RECORD EXTRACTS:

= Beginning of Section =

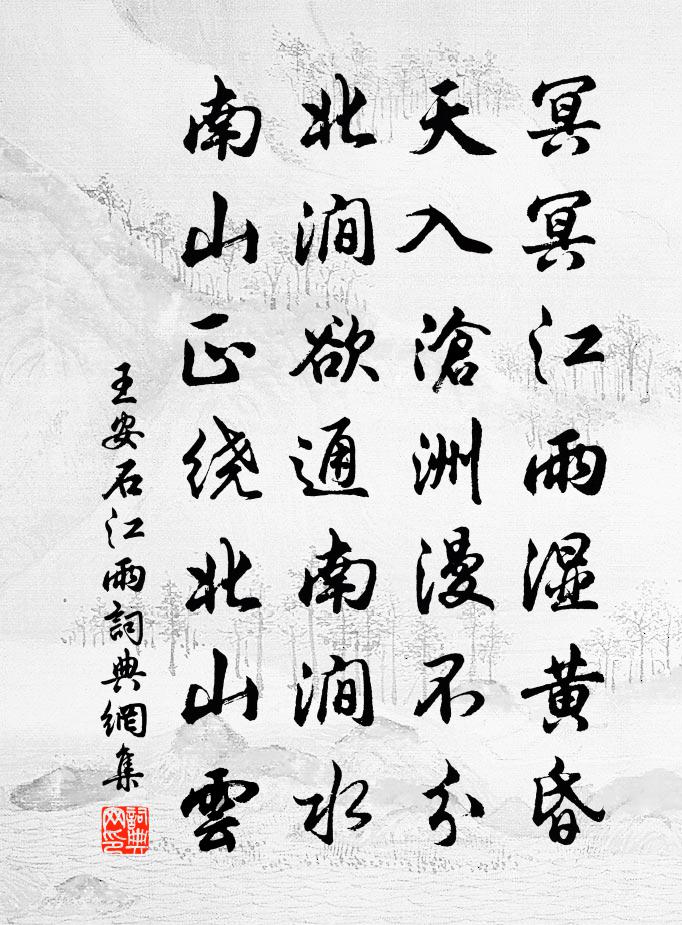 詩詞名句歷史字典書法欣賞書法字典國語詞典說文解字康熙字典古漢語字典標 題 作 者 詩 句 江雨作者:王安石 朝代:宋代江雨原文冥冥江雨濕黃昏,天入滄洲漫不分。北澗欲通南澗水,南山正繞北山雲。詩詞問答問:江雨的作者是誰?答:王安石問:江雨寫於哪個朝代?答:宋代問:王安石的名句有哪些?答:王安石名句大全王安石江雨書法欣賞江雨書法作品詩詞推薦山行舒岳祥〔宋代〕今日新晴好,東風散麥須。山泉中琴瑟,岩鳥合笙竽。總是太平曲,何勞擊壤圖。誰知花濺淚,杜老獨嗟吁。頌古五十三首釋文禮〔宋代〕墮脫知何處,憑君子細看。潮來無別浦,木落見他山。文到羅與之〔宋代〕羽羽涼颸起素波,臨流解帶小婆娑。秋光已共蘆花,夜雨那勝落葉多。不覺儒酸同糾纏,極知妄想盡銷磨。笈中班送王察推縝之鄧州梅堯臣〔宋代〕昔向南陽憶洛陽,秋橙初熟半林黃。車過白水沙痕闊,鴈落鉗盧稻穟長。廢壘漢錍金刻字,古原秦冢石為羊。太平送勛侄之官嵢峽五言五首劉克莊〔宋代〕機難下鷗鳥,察至見淵魚。何日抽回去,商人願出塗。率題司空圖〔唐代〕宦路前銜閒不記,醉鄉佳境興方濃。一林高竹長遮日,四壁寒山更閏冬。郡中上元燈減舊例三之二而又迎送使客七首楊萬里〔宋代〕不是東風巧剪裁,如何春夜碧蓮開?江城寂寞無歌舞,喚得梅花勸一杯。端嘉雜詩二十首劉克莊〔宋代〕勢窮斯變變斯通,局面初更便不同。西北怕他小老子,東南有個太平翁。市中狂吟段穀〔唐代〕一間茅屋,尚自修治。任狂風吹,連檐破碎。科棋斜攲,看著倒也。牆壁作散土一堆,主人翁永不來歸。普天樂·西山夕照徐再思〔元代〕晚雲收,夕陽掛,一川楓葉,兩岸蘆花。鷗鷺棲,牛羊下。萬頃波光天圖畫,水晶宮冷浸紅霞。凝煙暮景,轉暉老偈頌一百零二首釋紹曇〔宋代〕不紹金輪尊貴位,被人打落當門齒。難嚲梁王掘地埋,脫身留得得空棺履。死款供成,臨文不諱。乳竇今朝報不平宿溪館趙汝鐩〔宋代〕投宿溪頭館,途長主僕飢。濕薪難便著,惡米更須篩。風細帆來穩,山高月上遲。客懷正悽惻,漁笛蓼洲吹。示畫者劉克莊〔宋代〕眉宇巑屼鬢禿殘,愧君模寫向冰紈。削瓜古有形相肖,擲果今無眾聚觀。且可夷猶狎鷗鷺,不消夭矯比龍鸞。去為簡杜子昕節邠方岳〔宋代〕買屋湖邊住,湖光入酒卮。向來多說劍,老去只耽詩。時序寬衣帶,年華上鬢絲。肯收湖海氣,了事覺兒痴。田文姜特立〔宋代〕田文養士天下無,撞鐘列鼎傾金珠。入關幾作秦囚拘,當時貴客如橛株。倉皇脫死托小夫,嗟哉所養非所需。薔薇齊己〔唐代〕根本似玫瑰,繁英夾刂外開。香高叢有架,紅落地多苔。去住閒人看,晴明遠蝶來。牡丹先幾日,銷歇向塵埃。徐思遠趙大猷寄梅以詩謝之次韻和大猷王洋〔宋代〕薄團紅帳老生涯,只看新詩勝看花。遙解知君得詩處,竹籬茅舍兩三家。南歌子·倭墮低梳髻溫庭筠〔唐代〕倭墮低梳髻,連娟細掃眉。終日兩相思。為君憔悴盡,百花時。題竹洲徐元傑〔宋代〕人之生也直,此君亦如是。我酷愛此君,臭味相本相似。方其出地初,一種根萌異。剛特儼不回,鈞石莫障蔽。日滿江紅黃機〔宋代〕呀鼓聲中,又妝點、千紅萬綠。春試手,銀花影粲,雪梅香馥。歸夢不知家近遠,飛帆正掛天西北。記年時、歌舞名句推薦白雲一片去悠悠,青楓浦上不勝愁。張若虛《春江花月夜》 白頭太守真愚甚,滿插茱萸望辟邪。宋祁《九日置酒》 窗含西嶺千秋雪,門泊東吳萬里船。杜甫《絕句》 風送梅花過小橋,飄飄。趙顯宏《晝夜樂·冬》 那裡有鬧紅塵香車寶馬?祗不過送黃昏古木寒鴉。王磐《古蟾宮·元宵》 獨自淒涼還自遣,自製離愁。龔自珍《浪淘沙·寫夢》 精衛銜微木,將以填滄海。陶淵明《讀山海經·其十》 鵝湖山下稻粱肥,豚柵雞棲半掩扉。王駕《社日》 銅鑄金鏞振紀綱,聲傳海外播戎羌。曹雪芹《交趾懷古》 知賢之為明,輔賢之謂能,勉之強之,其福必長。荀子《荀子·解蔽》
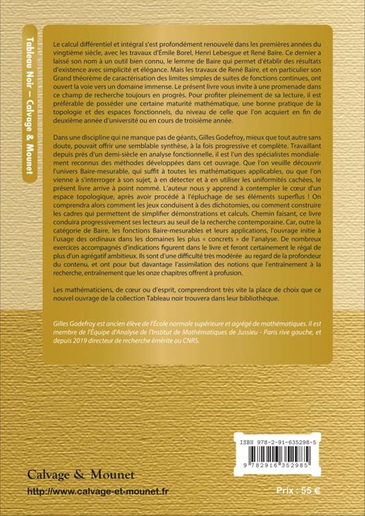Dans une discipline qui ne manque pas de géants, Gilles Godefroy, mieux que tout autre sans doute, pouvait offrir une semblable synthèse, à la fois progressive et complète. Travaillant depuis près d'un demi-siècle en analyse fonctionnelle, il est l'un des spécialistes mondialement reconnus des méthodes développées dans cet ouvrage. Que l'on veuille découvrir l'univers Baire-mesurable, qui suffit à toutes les mathématiques applicables, ou que l'on vienne à s'interroger à son sujet, à en détecter et à en utiliser les uniformités cachées, le présent livre arrive à point nommé. L'auteur nous y apprend à contempler le coeur d'un espace topologique, après avoir procédé à l'épluchage de ses éléments superflus ! On comprendra alors comment les jeux conduisent à des dichotomies, ou comment construire les cadres qui permettent de simplifier démonstrations et calculs. Chemin faisant, ce livre conduira progressivement ses lecteurs au seuil de la recherche contemporaine. Car, outre la catégorie de Baire, les fonctions Baire-mesurables et leurs applications, l'ouvrage initie à l'usage des ordinaux dans les domaines les plus « concrets » de l'analyse. De nombreux exercices accompagnés d'indications figurent dans le livre et feront certainement le régal de plus d'un agrégatif ambitieux. Ils sont d'une difficulté très modérée au regard de la profondeur du contenu, et ont pour but davantage l'assimilation des notions que l'entraînement à la recherche, entraînement que les onze chapitres offrent à profusion.
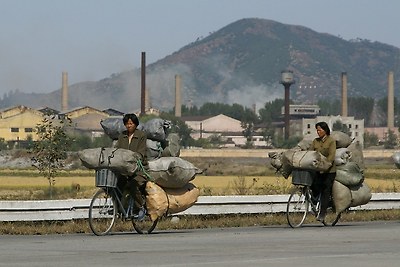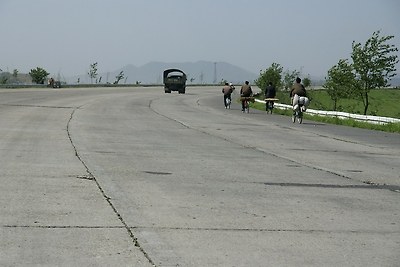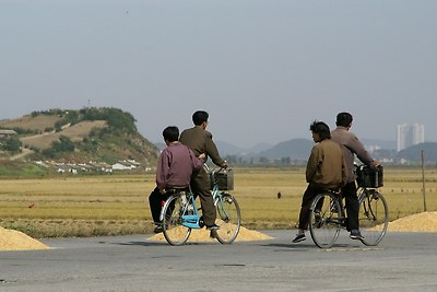 평양-남포 고속도로에서 본 자전거를 탄 사람들입니다.
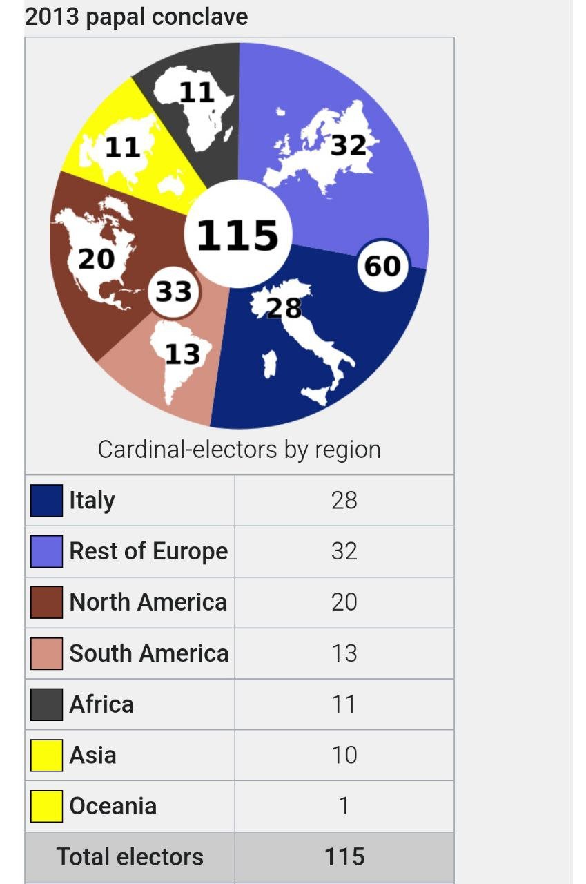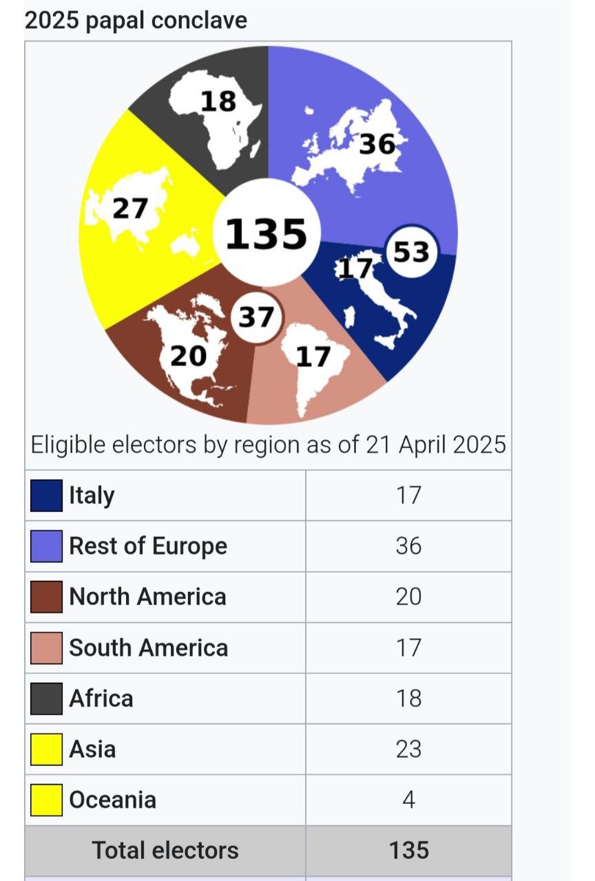 1. из 252 членов Коллегии кардиналов на момент смерти Франциска 135 кардиналов-выборщиков имеют право участвовать в последующем конклаве. Двое кардиналов-выборщиков объявили, что не будут присутствовать, что уменьшило ожидаемое число участников до 133. Чтобы быть избранным папой, кандидату требуется две трети голосов всех участвующих выборщиков, или 89 голосов.
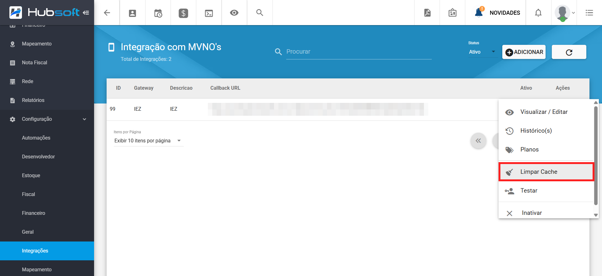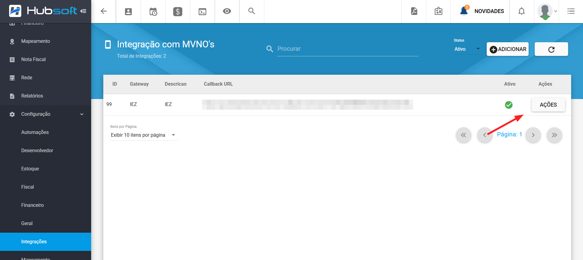 Para adicionar a integração no sistema seria em Menu lateral > Configuração > Integrações > MVNO > Adicionar.

= End of Section =

TASK TO COMPLETE: Your reply must reproduce all of the entries exactly and contain no pictures.

EXERCISE SOLUTION:
 詩詞名句歷史字典書法欣賞書法字典國語詞典說文解字康熙字典古漢語字典標 題 作 者 詩 句 江雨作者:王安石 朝代:宋代江雨原文冥冥江雨濕黃昏,天入滄洲漫不分。北澗欲通南澗水,南山正繞北山雲。詩詞問答問:江雨的作者是誰?答:王安石問:江雨寫於哪個朝代?答:宋代問:王安石的名句有哪些?答:王安石名句大全王安石江雨書法欣賞江雨書法作品詩詞推薦山行舒岳祥〔宋代〕今日新晴好,東風散麥須。山泉中琴瑟,岩鳥合笙竽。總是太平曲,何勞擊壤圖。誰知花濺淚,杜老獨嗟吁。頌古五十三首釋文禮〔宋代〕墮脫知何處,憑君子細看。潮來無別浦,木落見他山。文到羅與之〔宋代〕羽羽涼颸起素波,臨流解帶小婆娑。秋光已共蘆花,夜雨那勝落葉多。不覺儒酸同糾纏,極知妄想盡銷磨。笈中班送王察推縝之鄧州梅堯臣〔宋代〕昔向南陽憶洛陽,秋橙初熟半林黃。車過白水沙痕闊,鴈落鉗盧稻穟長。廢壘漢錍金刻字,古原秦冢石為羊。太平送勛侄之官嵢峽五言五首劉克莊〔宋代〕機難下鷗鳥,察至見淵魚。何日抽回去,商人願出塗。率題司空圖〔唐代〕宦路前銜閒不記,醉鄉佳境興方濃。一林高竹長遮日,四壁寒山更閏冬。郡中上元燈減舊例三之二而又迎送使客七首楊萬里〔宋代〕不是東風巧剪裁,如何春夜碧蓮開?江城寂寞無歌舞,喚得梅花勸一杯。端嘉雜詩二十首劉克莊〔宋代〕勢窮斯變變斯通,局面初更便不同。西北怕他小老子,東南有個太平翁。市中狂吟段穀〔唐代〕一間茅屋,尚自修治。任狂風吹,連檐破碎。科棋斜攲,看著倒也。牆壁作散土一堆,主人翁永不來歸。普天樂·西山夕照徐再思〔元代〕晚雲收,夕陽掛,一川楓葉,兩岸蘆花。鷗鷺棲,牛羊下。萬頃波光天圖畫,水晶宮冷浸紅霞。凝煙暮景,轉暉老偈頌一百零二首釋紹曇〔宋代〕不紹金輪尊貴位,被人打落當門齒。難嚲梁王掘地埋,脫身留得得空棺履。死款供成,臨文不諱。乳竇今朝報不平宿溪館趙汝鐩〔宋代〕投宿溪頭館,途長主僕飢。濕薪難便著,惡米更須篩。風細帆來穩,山高月上遲。客懷正悽惻,漁笛蓼洲吹。示畫者劉克莊〔宋代〕眉宇巑屼鬢禿殘,愧君模寫向冰紈。削瓜古有形相肖,擲果今無眾聚觀。且可夷猶狎鷗鷺,不消夭矯比龍鸞。去為簡杜子昕節邠方岳〔宋代〕買屋湖邊住,湖光入酒卮。向來多說劍,老去只耽詩。時序寬衣帶,年華上鬢絲。肯收湖海氣,了事覺兒痴。田文姜特立〔宋代〕田文養士天下無,撞鐘列鼎傾金珠。入關幾作秦囚拘,當時貴客如橛株。倉皇脫死托小夫,嗟哉所養非所需。薔薇齊己〔唐代〕根本似玫瑰,繁英夾刂外開。香高叢有架,紅落地多苔。去住閒人看,晴明遠蝶來。牡丹先幾日,銷歇向塵埃。徐思遠趙大猷寄梅以詩謝之次韻和大猷王洋〔宋代〕薄團紅帳老生涯,只看新詩勝看花。遙解知君得詩處,竹籬茅舍兩三家。南歌子·倭墮低梳髻溫庭筠〔唐代〕倭墮低梳髻,連娟細掃眉。終日兩相思。為君憔悴盡,百花時。題竹洲徐元傑〔宋代〕人之生也直,此君亦如是。我酷愛此君,臭味相本相似。方其出地初,一種根萌異。剛特儼不回,鈞石莫障蔽。日滿江紅黃機〔宋代〕呀鼓聲中,又妝點、千紅萬綠。春試手,銀花影粲,雪梅香馥。歸夢不知家近遠,飛帆正掛天西北。記年時、歌舞名句推薦白雲一片去悠悠,青楓浦上不勝愁。張若虛《春江花月夜》 白頭太守真愚甚,滿插茱萸望辟邪。宋祁《九日置酒》 窗含西嶺千秋雪,門泊東吳萬里船。杜甫《絕句》 風送梅花過小橋,飄飄。趙顯宏《晝夜樂·冬》 那裡有鬧紅塵香車寶馬?祗不過送黃昏古木寒鴉。王磐《古蟾宮·元宵》 獨自淒涼還自遣,自製離愁。龔自珍《浪淘沙·寫夢》 精衛銜微木,將以填滄海。陶淵明《讀山海經·其十》 鵝湖山下稻粱肥,豚柵雞棲半掩扉。王駕《社日》 銅鑄金鏞振紀綱,聲傳海外播戎羌。曹雪芹《交趾懷古》 知賢之為明,輔賢之謂能,勉之強之,其福必長。荀子《荀子·解蔽》
Dans une discipline qui ne manque pas de géants, Gilles Godefroy, mieux que tout autre sans doute, pouvait offrir une semblable synthèse, à la fois progressive et complète. Travaillant depuis près d'un demi-siècle en analyse fonctionnelle, il est l'un des spécialistes mondialement reconnus des méthodes développées dans cet ouvrage. Que l'on veuille découvrir l'univers Baire-mesurable, qui suffit à toutes les mathématiques applicables, ou que l'on vienne à s'interroger à son sujet, à en détecter et à en utiliser les uniformités cachées, le présent livre arrive à point nommé. L'auteur nous y apprend à contempler le coeur d'un espace topologique, après avoir procédé à l'épluchage de ses éléments superflus ! On comprendra alors comment les jeux conduisent à des dichotomies, ou comment construire les cadres qui permettent de simplifier démonstrations et calculs. Chemin faisant, ce livre conduira progressivement ses lecteurs au seuil de la recherche contemporaine. Car, outre la catégorie de Baire, les fonctions Baire-mesurables et leurs applications, l'ouvrage initie à l'usage des ordinaux dans les domaines les plus « concrets » de l'analyse. De nombreux exercices accompagnés d'indications figurent dans le livre et feront certainement le régal de plus d'un agrégatif ambitieux. Ils sont d'une difficulté très modérée au regard de la profondeur du contenu, et ont pour but davantage l'assimilation des notions que l'entraînement à la recherche, entraînement que les onze chapitres offrent à profusion.
 평양-남포 고속도로에서 본 자전거를 탄 사람들입니다.
 1. из 252 членов Коллегии кардиналов на момент смерти Франциска 135 кардиналов-выборщиков имеют право участвовать в последующем конклаве. Двое кардиналов-выборщиков объявили, что не будут присутствовать, что уменьшило ожидаемое число участников до 133. Чтобы быть избранным папой, кандидату требуется две трети голосов всех участвующих выборщиков, или 89 голосов.
 Para adicionar a integração no sistema seria em Menu lateral > Configuração > Integrações > MVNO > Adicionar.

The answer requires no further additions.